Before / after review. Audio is Amazon Polly, neural + newscaster. Each clip is the real plugin output for the text shown.
red strike-through = narrated before, now removed · green = fixed by a pronunciation rule
1. Block content parsing
The old path sent a raw HTML strip to Polly, so table cells, repeated pull-quotes, and captions were all read aloud and words fused across boundaries. The new extractor walks the block tree and keeps only narratable blocks.
Before — raw HTML strip
Blackstone has agreed to buy a logistics portfolio spanning 37m sq m for A$20bn, the largest industrial deal of the year.Blackstone has agreed to buy a logistics portfolio for A$20bn.AssetPriceYieldSydney hubA$8bn5.2%The Sydney logistics hub at the centre of the deal.The transaction closes in the fourth quarter; spreads on the financing tightened 240bp.
355 chars. Note the duplicated pull-quote sentence, the table cells run together (AssetPriceYieldSydney hub…), and sentences fusing with no gap (year.Blackstone, 5.2%The).
After parsing — structure cleaned
Blackstone has agreed to buy a logistics portfolio spanning 37m sq m for A$20bn, the largest industrial deal of the year.

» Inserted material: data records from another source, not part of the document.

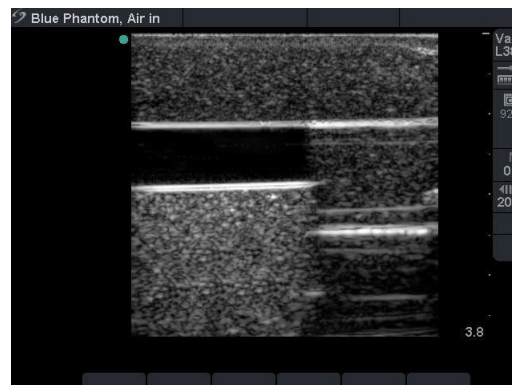
Low Fluid Level - Poor Imaging

A low fluid environment is identified by the inability to see the vessel during normal ultrasound imaging. This is due to the presence of air, which reflects all sound energy.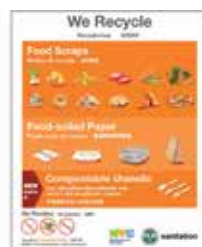
Food scraps and food-soiled paper poster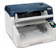
Xerox® DocuMate® 6710 scanner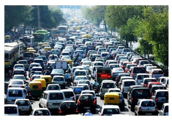
Image 6 : showing the Traffic jam condition in India

Traffic jam is one biggest problem due to road congestions, which tempt people to break traffic rules to escape the situation. This situation can be dangerous and often causing accidents. The other problem also occur like wastage of fuel, parking problem, air and noise pollution etc.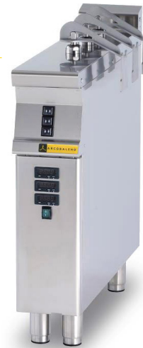
APCL28 2 Lifters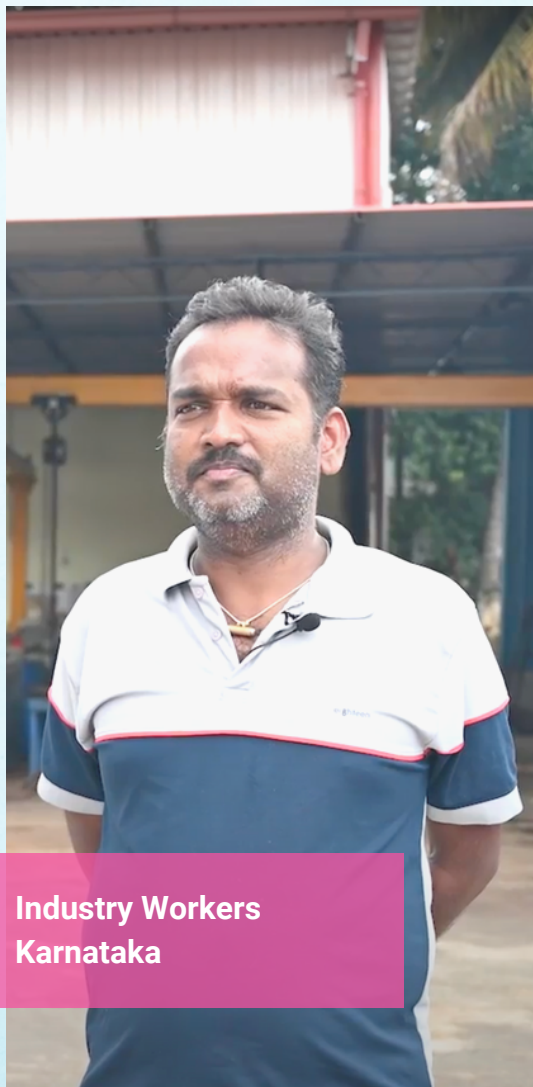
Industry Workers Karnataka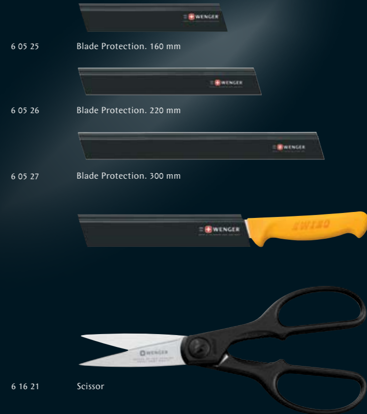
6 05 25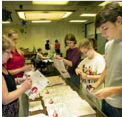
The state of Washington has permitted citizens to place initiatives on the voter ballot since 1912, if enough voters sign a petition requesting it. Here, volunteers favoring an education initiative open and sort petitions in Seattle.

In the United States, elections may involve more than just choosing people for public office. In some states and localities, questions of public policy may also be placed on the ballot

The Sydney logistics hub at the centre of the deal.
The transaction closes in the fourth quarter; spreads on the financing tightened 240bp.
An ordered set of text transforms runs over the extracted text before Polly, fixing things a single-token dictionary can't (they need context or variable digits).
After parsing + rules — full pipeline
Blackstone has agreed to buy a logistics portfolio spanning 37 million square metres for 20 billion Australian dollars, the largest industrial deal of the year.
The Sydney logistics hub at the centre of the deal.
The transaction closes in the fourth quarter; spreads on the financing tightened 240 basis points.
What changed vs the clip above: 37m sq m → "37 million square metres" · A$20bn → "20 billion Australian dollars" (not US dollars) · 240bp → "240 basis points" (not "B P").
3. Editorial no-audio gate
Pricings (CMA/ABA) and Market Monitor articles are tables and live dashboards; narrating them is meaningless. They now generate no audio. Below is what a real pricings article would have narrated without the gate.
Before — raw strip of a pricings page
Illustrative pricing table (fabricated; real articles follow the same format):
Northwind Funding Trust, 2026-2 Priced: April 9 Amount: $185 million Collateral: Auto loans Seller: Northwind Financial Bookrunners: Example Bank, Sample Securities ClassRatingAmountYieldWALSpreadBench AAA A72.500 5.05 1.90 +110 I-Curve BA A41.200 5.40 2.85 +150 I-Curve CBBB 28.000 6.10 3.95 +210 I-Curve …
After — gated, no audio
Audio narration is switched off for the "Initial pricings" format. These articles are built around tables and live dashboards, which do not translate to audio, so none is generated.
No Polly call, no cost. The editor metabox shows this note instead of generation controls; the gate is enforced at publish, save, CLI, force-regenerate, and the playable-URL itself, with cleanup of any already-generated audio when a post becomes excluded.